Friday, March 30, 2012

We're Going To Need A Really Big Camper And A Lot Of Gas

Courtesy of our beloved InstaPundit, we have this interesting speculation about the possibility of lots of life-sustaining worlds:

About 40 percent of red dwarf stars may have Earth-sized planets orbiting them that have the right conditions for life.

Red dwarfs – which are smaller and cooler than our sun – are extremely common, making up 80 percent of stars in the galaxy. Their ubiquity suggests that there are tens of billions of possible places to look for life beyond Earth, with at least 100 such planets located nearby.

The new estimate comes from a team of astronomers using the European Southern Observatory’s HARPS planet-hunting telescope to look at a sample of 102 nearby red dwarfs over a six-year period. The telescope checked for a characteristic wobble from the star, indicating that at least one planet was tugging on it while orbiting around.

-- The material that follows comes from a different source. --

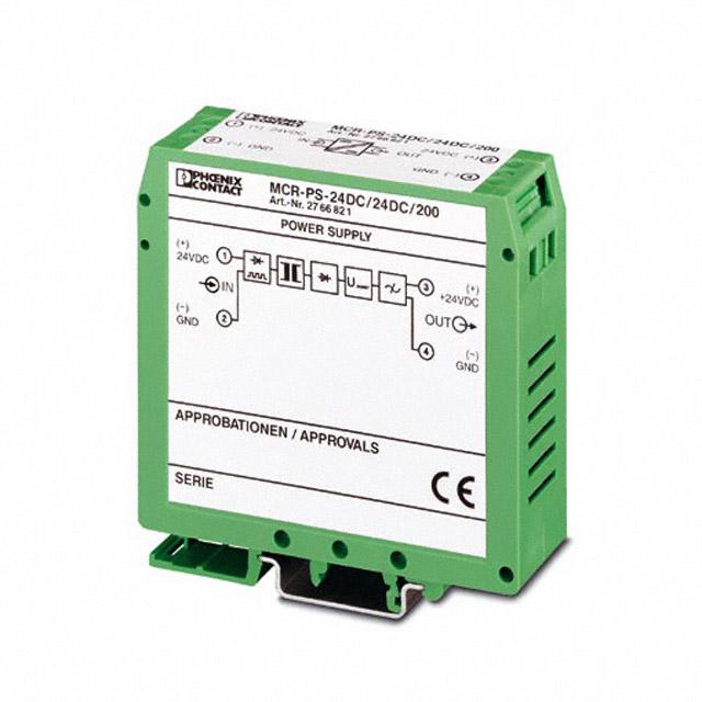 This is manufactured by Phoenix Contact. The manufacturer part number is 2766821. It is assigned with possible HTSUS value of 8504.40.9580. The product is rohs compliant. It has a 24v output voltage. The product features power and watts of 4.8w. The maximum product's output current is 200ma. It is approved by ce. It carries dc input type. In addition, it is reach unaffected. The phoenix contact's product offers user-desired applications. It has 30v of maximum DC input voltage. While the minimum DC input voltage is 20v. The product's diameters include 3.37" l x 0.98" w x 3.11" h (85.5mm x 25.0mm x 79.0mm). Its typical moisture sensitivity level is not applicable. The product has 0°c ~ 55°c operating temperature range. In addition, bulk is the available packaging type of the product. Additionally, the product is supplied with 1 outputs. The product is designated with the ear99 code number.

The search found nine planets with between one and 10 Earth masses, including two in the habitable zone, possibly giving them the right temperature to have liquid water. Because red dwarfs don’t produce as much heat as our sun, their habitable zones occur much closer to the star.

...to which Professor Reynolds replies:

We need interstellar travel. Faster, please!

We do? Well, let's agree at the least that it would provide us with some options. But until a superluminal reactionless drive should make its appearance, I'm afraid it's not in the cards.

Two arguments for interstellar travel are more common than all the others: adventure and racial survival. Let's leave our taste for adventure off the table for the moment. The usual "survival" argument is to secure the future of Mankind against the possibility of a world-ending calamity here on Earth. The establishment of a human presence on a world in some other solar system would seem to improve the odds that Man will continue regardless of any "local" events. At any rate, it's more difficult to wipe out a species distributed over several solar systems than one that's concentrated on one world.

But sublight vehicles bound by Newton's Third Law can't garner the interest, or fire the enthusiasm, of people who have lives they'd have to live out in transit between the stars. Try to imagine how you'd go about recruiting enough volunteers to man such a mission -- to say nothing of the difficulties of financing it. Which is why, when I imagined the Hegira of the Spooner Federation, I based it on a no-alternatives scenario: flee the Solar System or die at once!

What's that you say? What about "suspended animation?" Well, you bring me a man whose "animation" has been "suspended" for a good long while -- say seventy years or so -- and has been successfully "reanimated," and then we'll talk.